What you should do: The data must be reproduced verbatim; images are to be omitted.

(Collection entries)
####################

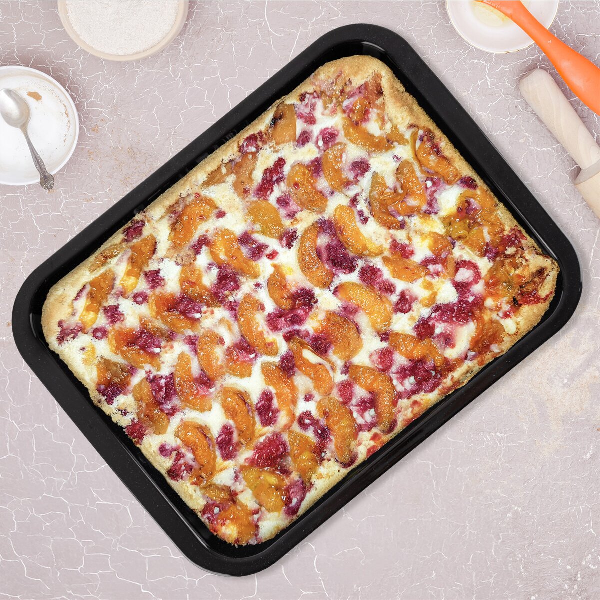 Vnitřní rozměr plechu je 36,5x28,5 cm, síla plechu je 0,6 mm. A pokud dojde k připečení, např. když vyteče náplň z jablečného štrúdlu, stačí jej nechat odmočit, a poté vložit do myčky nebo umýt ručně.
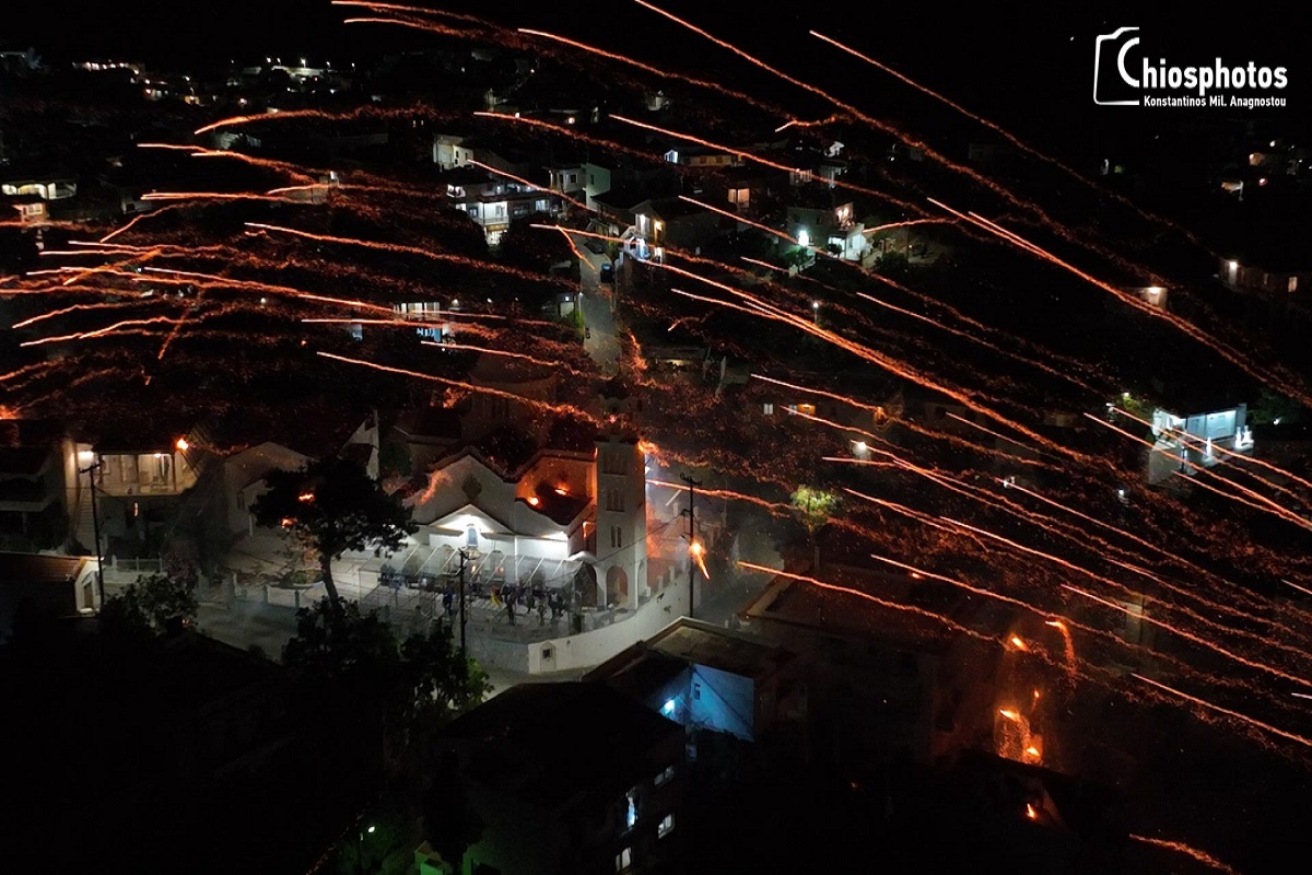 Χιλιάδες ρουκέτες δημιούργησαν ένα εντυπωσιακό υπερθέαμα στο Βροντάδο της Χίου μεταφέροντας το χαρμόσυνο μήνυμα της Ανάστασης.
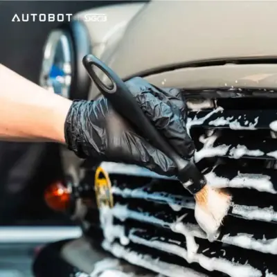 Vệ sinh ngoại thất: Dùng cọ trung bình cho logo, khe cửa, viền xe; cọ cứng cho bánh xe, khoang máy.
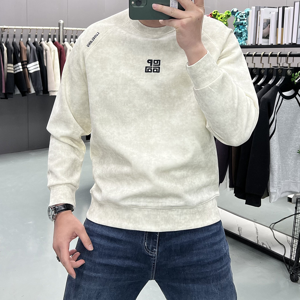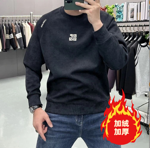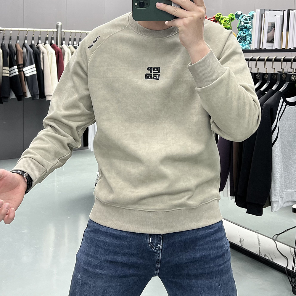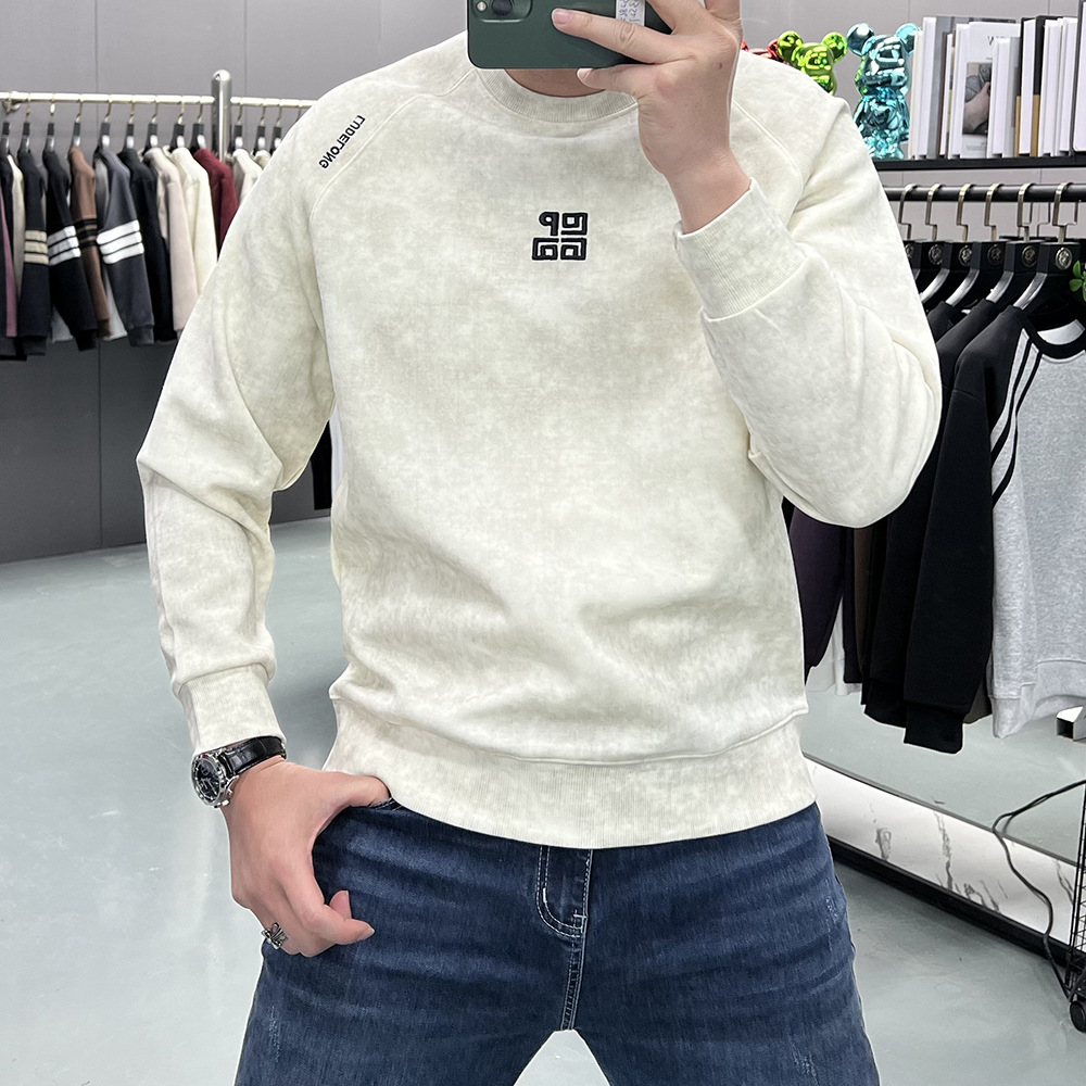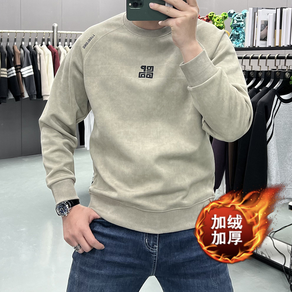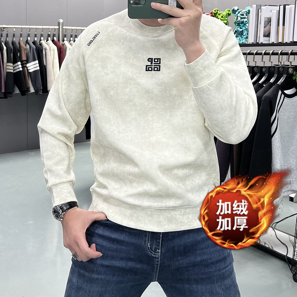 2025 가을과 겨울 매달려 염색 불타는 꽃 자수 겨울 둥근 목 기모 두꺼운 따뜻한 스웨터 겨울 남성 긴팔 티셔츠스토어 가기
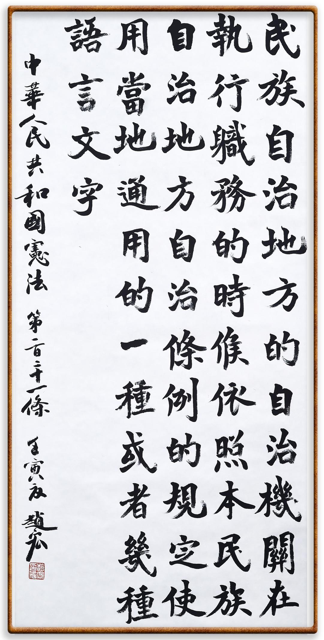 繼《中華人民共和國民法典》《中華人民共和國土地管理法》《中華人民共和國土地管理法實施條例》《中華人民共和國法律援助法》之后,法治日報社聯(lián)合北京市司法局、北京書法家協(xié)會,將筆端對準(zhǔn)《中華人民共和國憲法》和《中華人民共和國行政處罰法》。
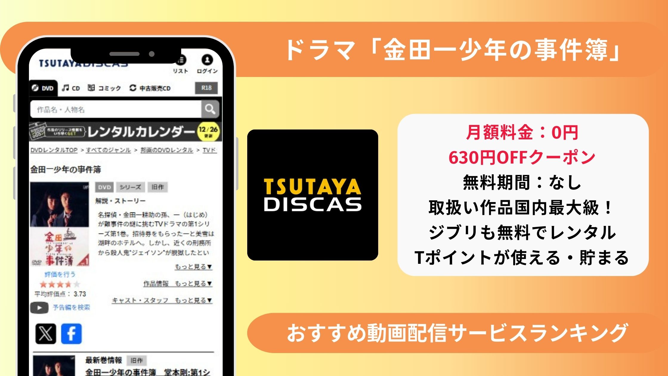 | 特典 | 単品レンタルクーポン630円分プレゼント (630円分で新作なら1枚、旧作なら2枚 借りられます。) |

####################

Solution to the problem:
 Vnitřní rozměr plechu je 36,5x28,5 cm, síla plechu je 0,6 mm. A pokud dojde k připečení, např. když vyteče náplň z jablečného štrúdlu, stačí jej nechat odmočit, a poté vložit do myčky nebo umýt ručně.
 Χιλιάδες ρουκέτες δημιούργησαν ένα εντυπωσιακό υπερθέαμα στο Βροντάδο της Χίου μεταφέροντας το χαρμόσυνο μήνυμα της Ανάστασης.
 Vệ sinh ngoại thất: Dùng cọ trung bình cho logo, khe cửa, viền xe; cọ cứng cho bánh xe, khoang máy.
 2025 가을과 겨울 매달려 염색 불타는 꽃 자수 겨울 둥근 목 기모 두꺼운 따뜻한 스웨터 겨울 남성 긴팔 티셔츠스토어 가기
 繼《中華人民共和國民法典》《中華人民共和國土地管理法》《中華人民共和國土地管理法實施條例》《中華人民共和國法律援助法》之后,法治日報社聯(lián)合北京市司法局、北京書法家協(xié)會,將筆端對準(zhǔn)《中華人民共和國憲法》和《中華人民共和國行政處罰法》。
 | 特典 | 単品レンタルクーポン630円分プレゼント (630円分で新作なら1枚、旧作なら2枚 借りられます。) |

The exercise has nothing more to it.